Credit card denial can be disappointing and confusing. Fortunately, credit card issuers must send an adverse action notice within 30 days after receiving a completed application explaining why you were denied. Understanding why your application was denied can help you decide on your next move.
There can be many reasons why your application may be denied, from not meeting credit score requirements to application errors. Here are 10 potential reasons why your application may have been denied and what you can do next.
1. Credit score
Credit card issuers have credit score requirements for each card, and applicants who don’t meet those requirements may be denied. Your credit score is based on factors like credit utilization (how much revolving debt you have compared to your total credit limit), payment history, credit mix and age of accounts. Some factors, like bankruptcy or debt that’s gone to collections, can seriously impact your ability to qualify for a new credit card.

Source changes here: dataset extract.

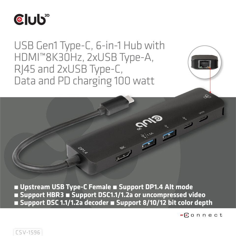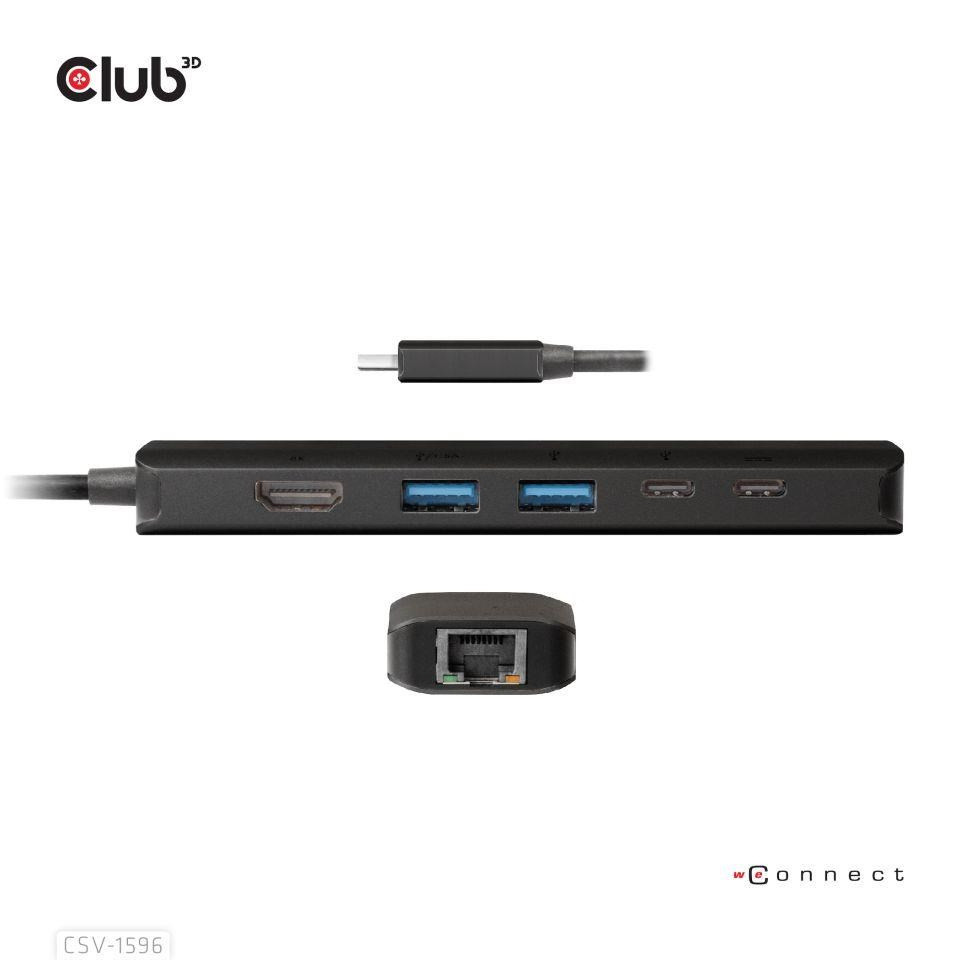 Club3D Hub USB-C, rozbočovač 6 v 1 s HDMI 8K30Hz, 2xUSB typu A, RJ45 a 2xUSB typu C, Data a PD nabíjení 100W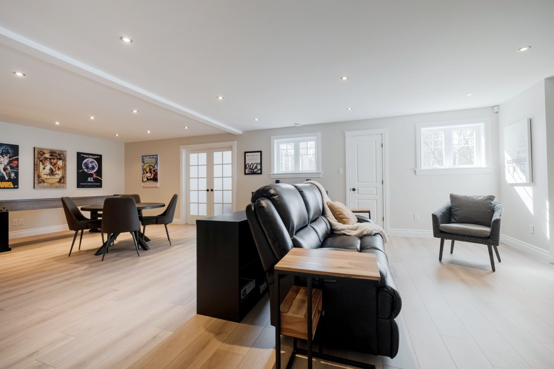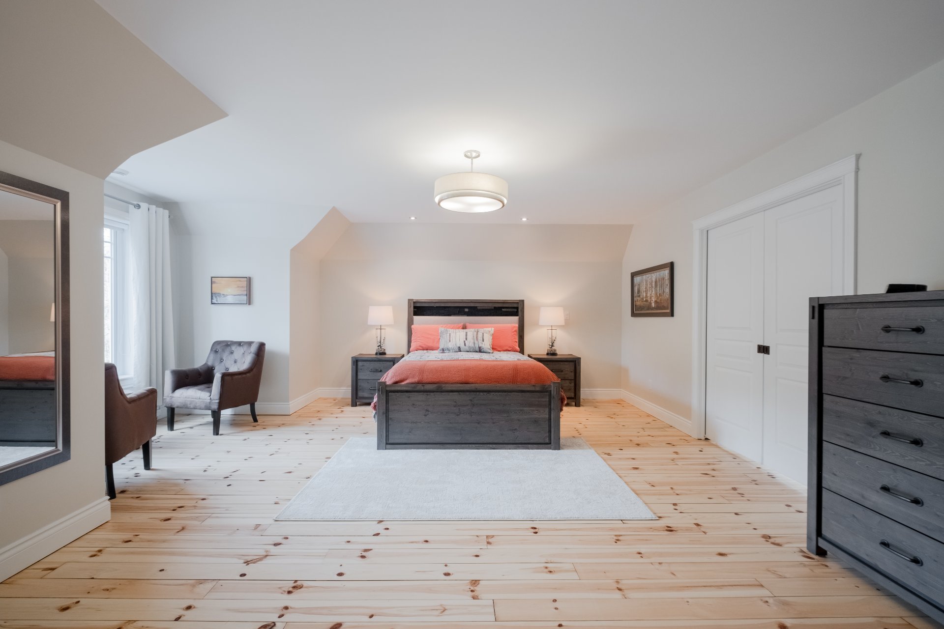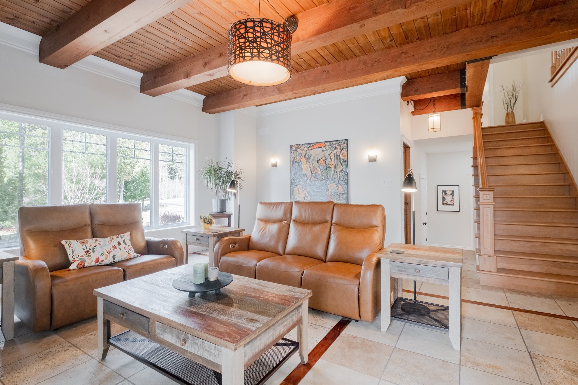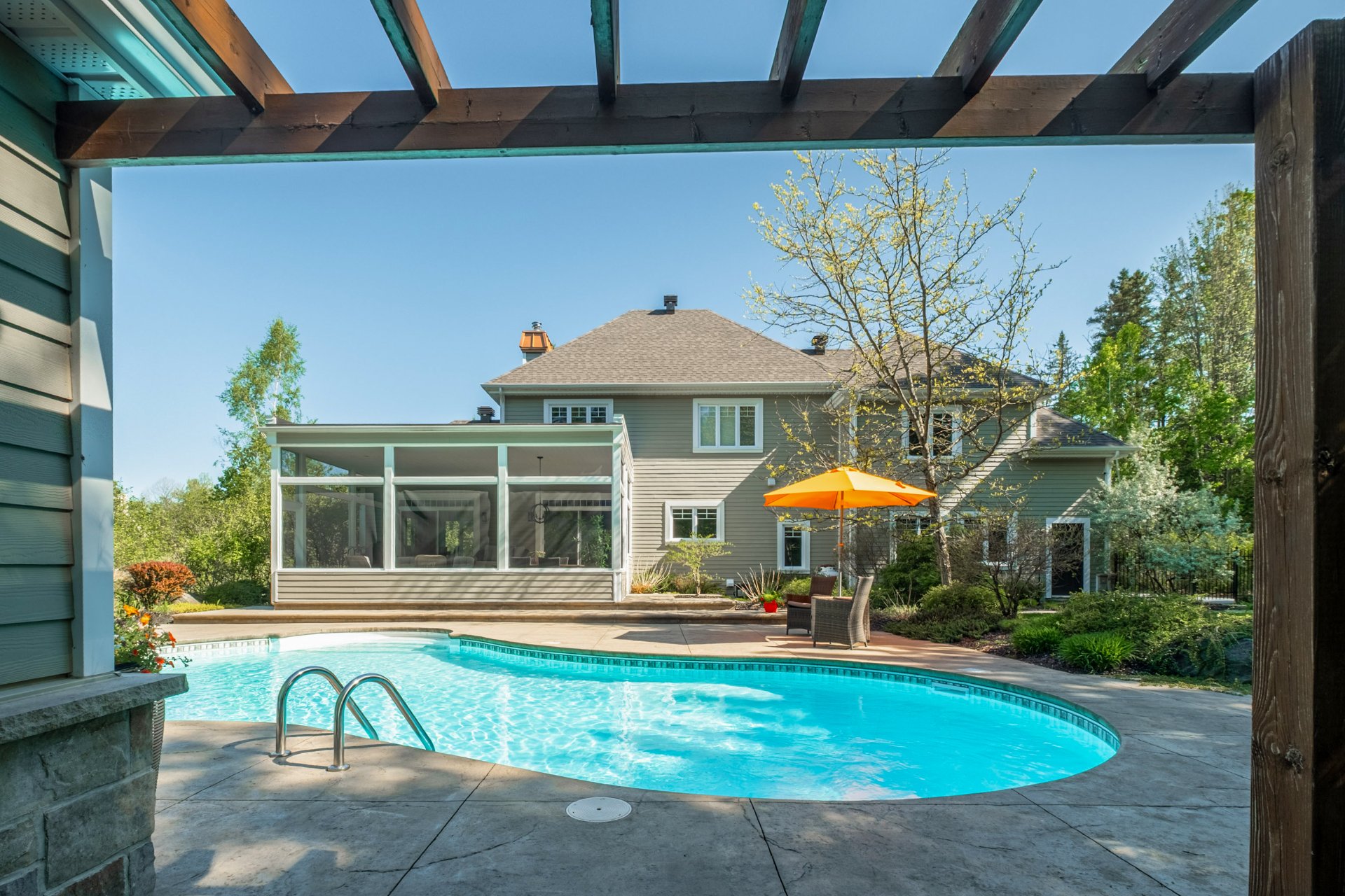 L'équipe est fière de présenter cette propriété d'exception située à Orford, dans un secteur tranquille en pleine nature. Érigée sur un vaste terrain de 42 921 pieds carrés, cette construction intemporelle offre des éléments uniques, dont une piscine creusée et un garage triple. À seulement 10 minutes du Mont Orford, 5 minutes de Magog et près de tous les services, l'emplacement est idéal pour une famille en quête de nature sans renoncer au confort urbain. Dès l'arrivée, une grande cour pouvant accueillir plusieurs véhicules mène vers le garage et l'entrée principale. Un vestibule avec garde-robe walk-in donne accès à une aire de vie ouverte, où l'on découvre une cuisine moderne avec îlot, comptoirs en granit et de nombreux rangements. À proximité : salle à manger, salon au style classique et une pièce lumineuse orientée vers la cour arrière, parfaite comme coin lecture ou salle de jeux. Un grand solarium 3 saisons s'y ajoute. Le rez-de-chaussée comprend aussi une salle d'eau avec salle de lavage, ainsi qu'un accès au garage où un bureau aménagé occupe l'un des trois espaces. À l'étage, un second salon plus intime précède la suite des maîtres, spacieuse et baignée de lumière. Son walk-in mène à une salle de bains attenante avec douche indépendante, évier double et baignoire au design épuré. Une deuxième salle de bains complète, au style similaire, dessert trois chambres secondaires avec de spacieux rangements. Au sous-sol, un espace polyvalent permet l'aménagement d'un cinéma maison, d'une salle de billard ou d'une salle de jeux pour adultes. Une chambre idéale pour un ado, avec deux garde-robes, et un espace bureau complètent ce niveau. À l'arrière, la cour offre un cadre parfait pour recevoir et profiter des beaux jours. Piscine creusée, terrain aménagé, rangement extérieur et espace additionnel à personnaliser s'intègrent dans un environnement discret, enveloppé par la nature, garantissant une intimité constante. Mesures du bâtiment selon le certificat de localisation.

Checking your credit score and credit report before applying for a new card can help you better understand your options.
2. Limited credit history
Credit card issuers may be more likely to deny your application if you have limited credit history. A short credit history isn't necessarily a reflection of your ability to make payments. However, it can be harder for credit card issuers to understand your level of risk with insufficient information.
If you're new to credit, it can typically take about 6 months to receive a credit score after opening your first account. If you’re building credit, it may be worth waiting to apply for a new card or getting a secured card.
3. Debt-to-income ratio
Credit card issuers must assess whether an applicant can afford to repay any debt they take on. If your existing monthly debt payments are too high compared to your monthly gross income (known as your debt-to-income ratio or DTI), that could lead to a denied application.
In general, the lower your DTI, the better. If your DTI is over 30%, it may make sense to take time to pay off debt before applying for another card.
4. Income
Some credit cards may have a minimum income requirement. Credit card issuers want to be sure that you can make monthly payments.
Your income doesn’t just include traditional employment. When you calculate your income, you can include things like:
- Traditional employment
- Self-employment
- Investment income
- Retirement income
- Public assistance
- Alimony
- Child support
If you’re 21 or older, you can include household income, the total earnings of everyone living in the same home.
5. Recent credit inquiries
Applying for a credit card or loan adds a hard credit inquiry to your credit report. These typically stay on your credit report for up to 2 years, and each hard inquiry can have a small impact on your credit score for up to a year. If a lender sees that you've had several recent credit inquiries, they may consider that a red flag.
6. Number of open or new credit cards
Some credit card issuers may consider the number of credit cards you have, including how many of those are new accounts, when you apply. They may also consider the total amount of credit available to you across all cards. If they believe you have too many open or new cards, or too much available credit, they may deny your application.